I’ve always wanted to be a member of a Mothers’ Group. Something about the laughter and cheeky eye rolls from a group of sleep-deprived women has made me desperate for an invitation.

There’s just one teeny, tiny, itty-bitty thing holding me back from getting that membership card: I’m a dad.

In fact, I’m a dad in a same-sex relationship. So here I am, the primary caregiver in a motherless home, longing for acceptance from a group that simply won’t have me.

That’s why I’d like to formally request that all Mothers’ Groups in Australia change themselves to Parenting Groups. Here’s why:

1. As the definition of “normal” evolves in Australia, a new modern family has emerged. Not just same-sex couples, but older parents, single parents, adoptive parents, and foster parents too. Simply put: not all families have mums as primary caregivers, so we need to think of the “others” too.

2. Mother’s aren’t expected to stay home anymore. Sure, some will leave the workforce for good. But many will take time off and choose to go back to work. In many cases, their partner will take the primary caregiver role. And in some cases, that partner is a man. What is he expected to do?

3. Paternity leave has adapted in recent years to match the shift in expectations of modern families. This means it’s now possible (if not expected) for dads to take time off work to help raise their children. This means a man will become the primary caregiver at some point, longing for a crew to call his own. Why should he feel isolated at the park when he’s surrounded by mums in a very similar situation to him?

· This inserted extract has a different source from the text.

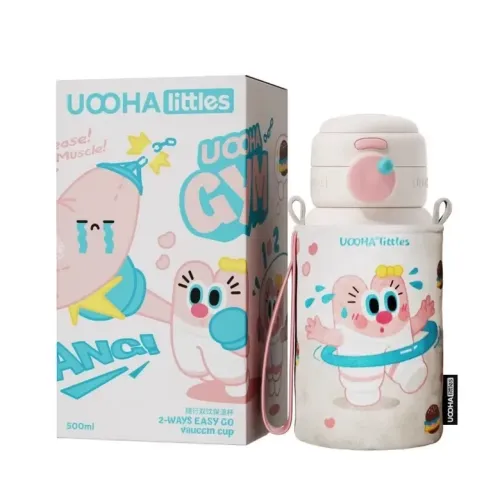 Uooha 귀여운 빨대 일체형 물컵 병 열 보존 휴대용 316 스테인레스 스틸 내부 라이너 주전자 500ml

4. One in 10 Aussie dads will experience postnatal depression following the birth of their child. Shouldn’t we be thinking of how we can best support them, too?

LISTEN: Sean Szeps opens up about postnatal depression on The Baby Bubble. Post continues after audio.

5. As parents, it’s really important that we take care of each other. We all know how isolating and challenging those first few months and years can be. Just ask yourself: If you knew someone was lonely and in need of support, would you turn your back on them?

6. All parents experiencing the difficulties and joys of parenthood should benefit from the support of others.

Listen, I’m not a dummy. I understand the benefits of female-only parenting groups. Mums should have access to a safe space to discuss the physical and mental transitions occurring directly after the birth of a child. I get it, I do.

But here’s where you lose me.... If a couple adopts a child, the mother is still welcomed into the group due to her sex. She doesn’t need to give birth to earn that spot. Same for lesbian couples or foster mums.

Is her experience more valid than mine, a primary caregiver desperate to connect with people raising tiny humans?

I believe the primary purpose of Mothers’ Groups should be to provide support and a safe space to likeminded individuals.

People who disagree will say, “but women won’t be able to talk about their vaginas” or “women won’t feel comfortable venting about their husbands”. But I call bullsh*t. If the men (or women) can’t handle the honesty that occurs in Parenting Groups, then they don’t need to return the following week.

Men will benefit from hearing the brutal truth of what the female parenting experience is like. And vice versa. We’ll all be better off if we’re able to communicate openly with people from “the other side”.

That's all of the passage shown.